Python for the .NET Developer Transcripts
Chapter: Package management and external libraries
Lecture: Getting HTML with Python
0:00 Well, we've installed and imported is httpx. The next thing we want to do is to go through and get some of the HTML and print out the headers.
0:11 We're going to start by just getting the HTML. These are two separate steps, so let's say get titles. I'll just write that as a function.
0:20 Define that down here. Now, let's say something like this. for n in range(220, 230) because of what we were working with.
0:29 Let's just print out n really quick. Just to see what happens when we run it. Okay, good, printing out. Instead of printing out I want to say
0:37 HTML equals get_HTML(n) and that's going to be another little function we're going to write. It's going to be an integer and let's say it returns
0:48 a string, like that that's going to be pretty good. Now, you'll see the power of this cool little library. We also want to work with colorama.
0:59 And the reason we want to use colorama is when we do print statements you want to see where these are coming from.
1:03 Now, let's say we're going to print this out yellow right here. Alright, it's upset that we're not returning the string yet but that's fine
1:13 we're not actually doing it. So here's what we get when we say there's going to be a response from httpx.get and we need the url.

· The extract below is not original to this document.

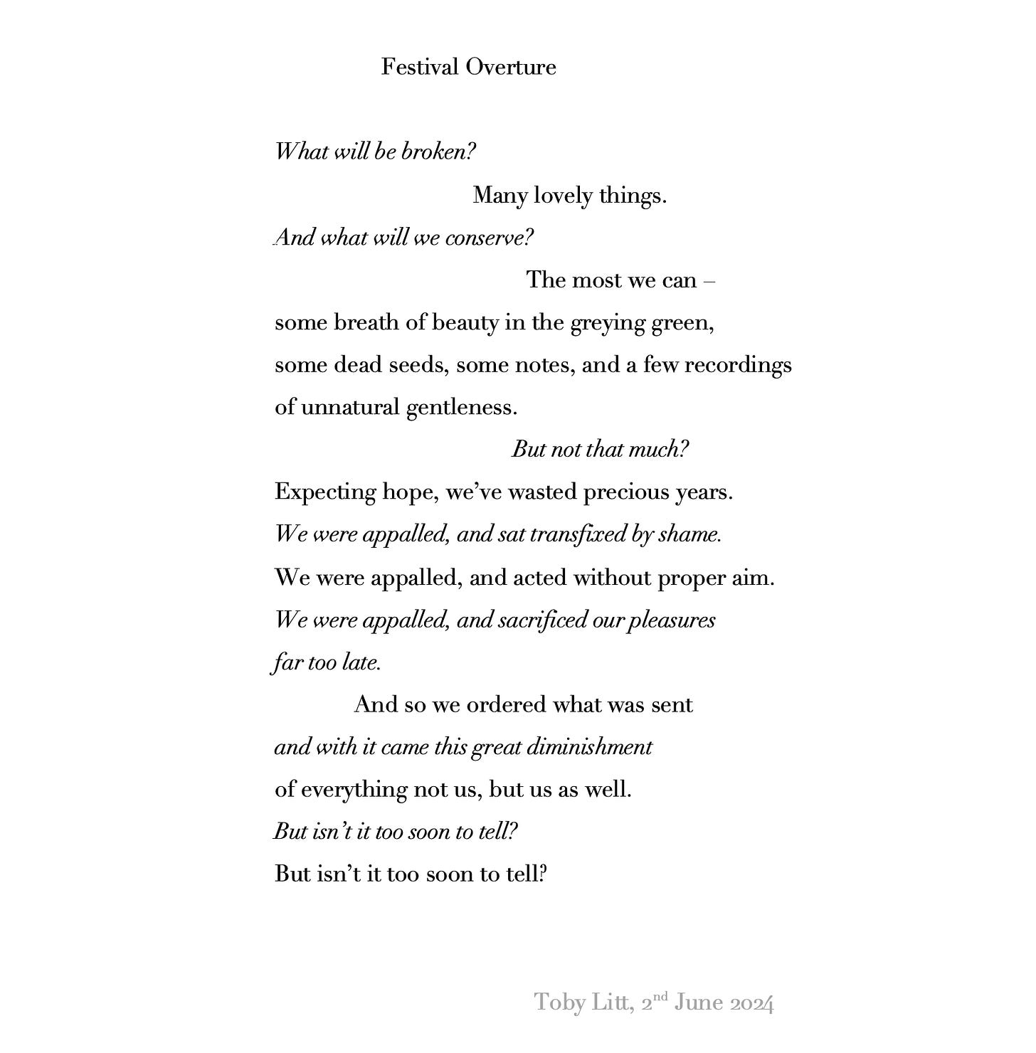 This, written this morning, is what I have to say in response.
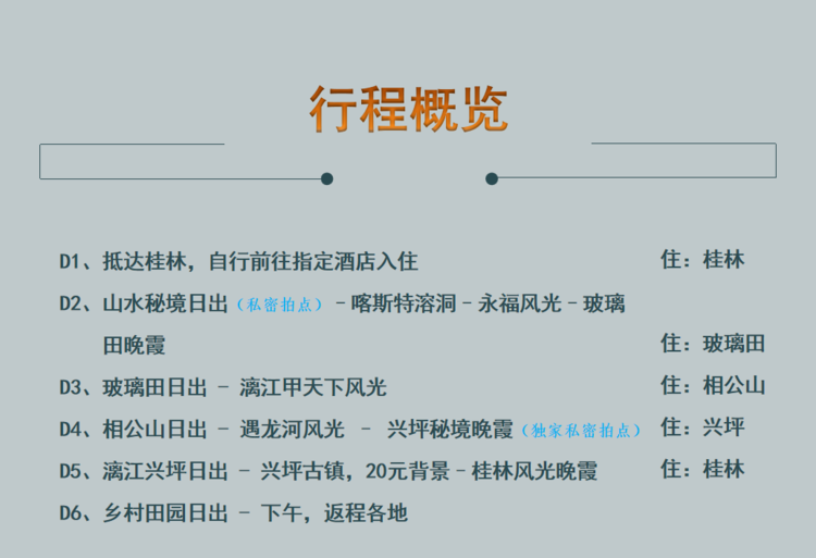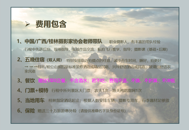 ➅ 确认报名请交报名费1000元/人,余款抵达桂林时一次性付清!

1:22 Url will be in the f-string like so, nice and simple. Now, I didn't point out on the C# side it's actually a lot of work to make
1:33 the HTTP client follow redirects and this is a redirect of the real url. But over in Python, a lot of libraries automatically do that.
1:41 So this should work. And then we can go over here and like let's just print, response, status code. For episode 220, 200, 200, 200. Hey, that's good!

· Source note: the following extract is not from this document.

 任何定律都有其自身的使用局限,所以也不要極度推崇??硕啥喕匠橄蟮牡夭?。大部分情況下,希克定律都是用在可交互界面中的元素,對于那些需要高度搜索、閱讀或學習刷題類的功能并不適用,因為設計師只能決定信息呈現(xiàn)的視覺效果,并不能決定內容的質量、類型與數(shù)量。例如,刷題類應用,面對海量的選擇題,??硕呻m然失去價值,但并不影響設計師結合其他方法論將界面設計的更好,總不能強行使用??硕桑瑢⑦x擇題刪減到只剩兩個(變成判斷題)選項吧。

1:53 I'm not really sure what the HTML is but it looks like it's working. So let's go over here and return, resp.text.
2:01 The other thing we probably want to do is we want to check for errors. We could say if the errors if the request is not 200 or 201
2:07 or if there's an error type of request, do something but this has a nice raise for status behavior that we can add. I'll throw in an exception
2:15 if it's not some form of success code. And finally down here just to make sure everything's hanging together let's print out the first 10 characters
2:23 or something of this. Remember, we can use slicing so I can just say this to get like a substring which is a kind of cool thing. Alright, let's run it.
2:33 Doc type, Doc type, Doc type. Not terribly interesting but it looks like HTML and that's pretty awesome. So the next thing we're going to do
2:41 is we're going to have to write a function that says get title from HTML. First half of our program is done.